September 20, 2005

Tell Your Marketing Partners To Leave Us Alone

A woman whose baby died suddenly, 31 weeks into her pregnancy, writes of having to deal with the steady stream of baby marketing material triggered by her registering at a parenting/pregnancy website:

I dread opening my mailbox to see what the next installment will be in this eerie narrative of my daughter's parallel life as a consumer. It is hard enough to be without her. I am trying to heal and move forward with my life. The advertisements make that process much harder.

It took four phone calls to the baby formula company to get them to take my name off their list. The first three, made by me, did not work. After the third call, I hung up in tears and called my husband.

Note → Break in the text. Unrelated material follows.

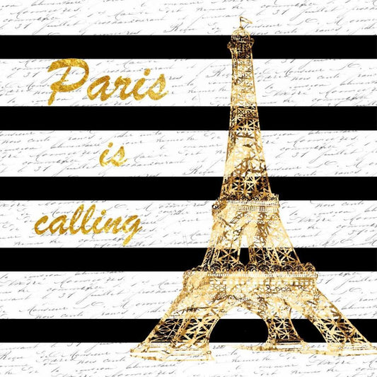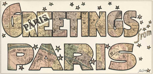 Greetings From Paris White Modern Wood Framed Art Print with Double Matting by Carlson, Tina

"I'll handle this," Ira said.

She decided to take careful note of the companies that send material, some even after repeated requests to be removed from mailing lists, and to boycott them. Forever.

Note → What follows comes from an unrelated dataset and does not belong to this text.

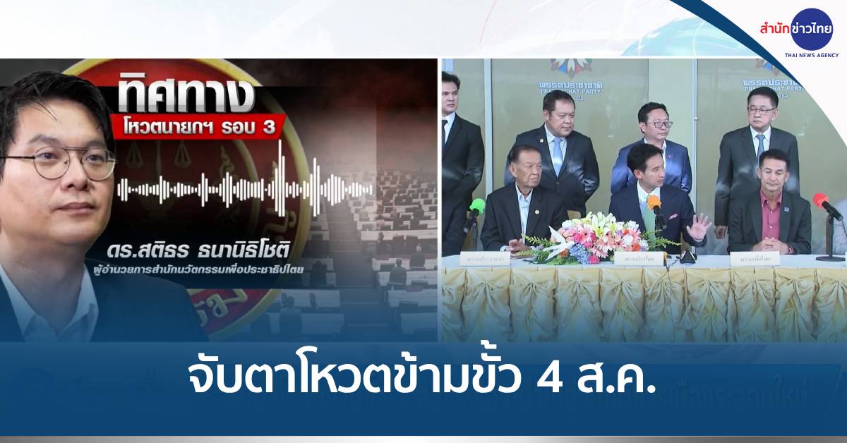 กทม. 31 ก.ค.-การโหวตเลือกนายกรัฐมนตรี วันที่ 4 ส.ค.นี้ หลายคนวิเคราะห์นัยสำคัญทางการเมือง ตามกระแสข่าวที่บอกว่าจะเป็นการจัดตั้งรัฐบาลข้ามขั้ว คือเพื่อไทย จะมีการจับมือกับพรรคภูมิใจไทย พลังประชารัฐ รวมไทยสร้างชาติ ตรงนี้ถูกจับตาว่ารัฐบาลใหม่จะอยู่ได้นานไหม และการตั้งรัฐบาลแบบข้ามขั้วนี้ จะนำไปสู่การชุมนุมต้านครั้งใหญ่เพราะเป็นการตั้งรัฐบาลขัดต่อประชามติผู้เลือกตั้ง ไปฟังความเห็นจาก ดร.สติธร ธนานิธิโชติ ผู้อำนวยการสำนักนวัตกรรมเพื่อประชาธิปไตย สถาบันพระปกเกล้า.-สำนักข่าวไทย

A Lost Baby, and the Pain of Endless Reminders in the Mail [nyt]

5 Comments

Good for her. I read this tonight and felt horrible for her; at the same time, with a sinking heart, I decided that the companies in question don't care that they've forever alienated a potential customer. Most likely, the new customers they pick up this way is much larger than any potential boycotters, so for them it makes business sense.

One place that also might have sold her info is a maternity wear store. When I bought maternity gear, the stores always asked my due date if I wasn't already in their computers.

Motherhood Maternity is the sell out devil! They are the only people (other than my OB) that had my due date and I got innundated with junk mail and samples. So, boycott Motherhood for selling their customer information (no matter how desperate you are for a tank top when you're on vacation - do NOT shop there)!

when i miscarried at the end of my first trimester i hadn't outed myself ANYWHERE. i'd registered for babycenter but left only an email address. i hadn't been to a maternity store or signed up with my name or street address anywhere online.

so the ONLY explanation i have for the flood of formula, diaper samples, coupons for chain-store baby photo studios, etc. was my insurance company. which is really sick and wrong.

While I agree it sucks that it's so insanely difficult to get off these lists, it _is_ kind of nice to get a steady stream of free stuff after having a kid. We've gotten posters, calenders, baby books, formula, diapers, diaper creme, nursing pads, etc, etc.

Marjorie, I am not going to defend any insurance company, but it would be a gross and blatant violation of Federal Law if they provided any marketing companies with you data. Even by only providing an email address, huge marketing firms buy the data from a place like babycenter.com and then cross reference that email address against other companies that you have done business with and have provided the same email address and a physical address. Bingo, in a few hours you could be on a list, which then multiplies rather quickly. To put this in perspective, Wal-Mart's servers in Bentonville, AR have more data stored on them than what is available on the ENTIRE Internet worldwide, about twice as much data. (and purchasing patterns dating back to the 50's). I hate to say it but its almost impossible NOT to be marketed to.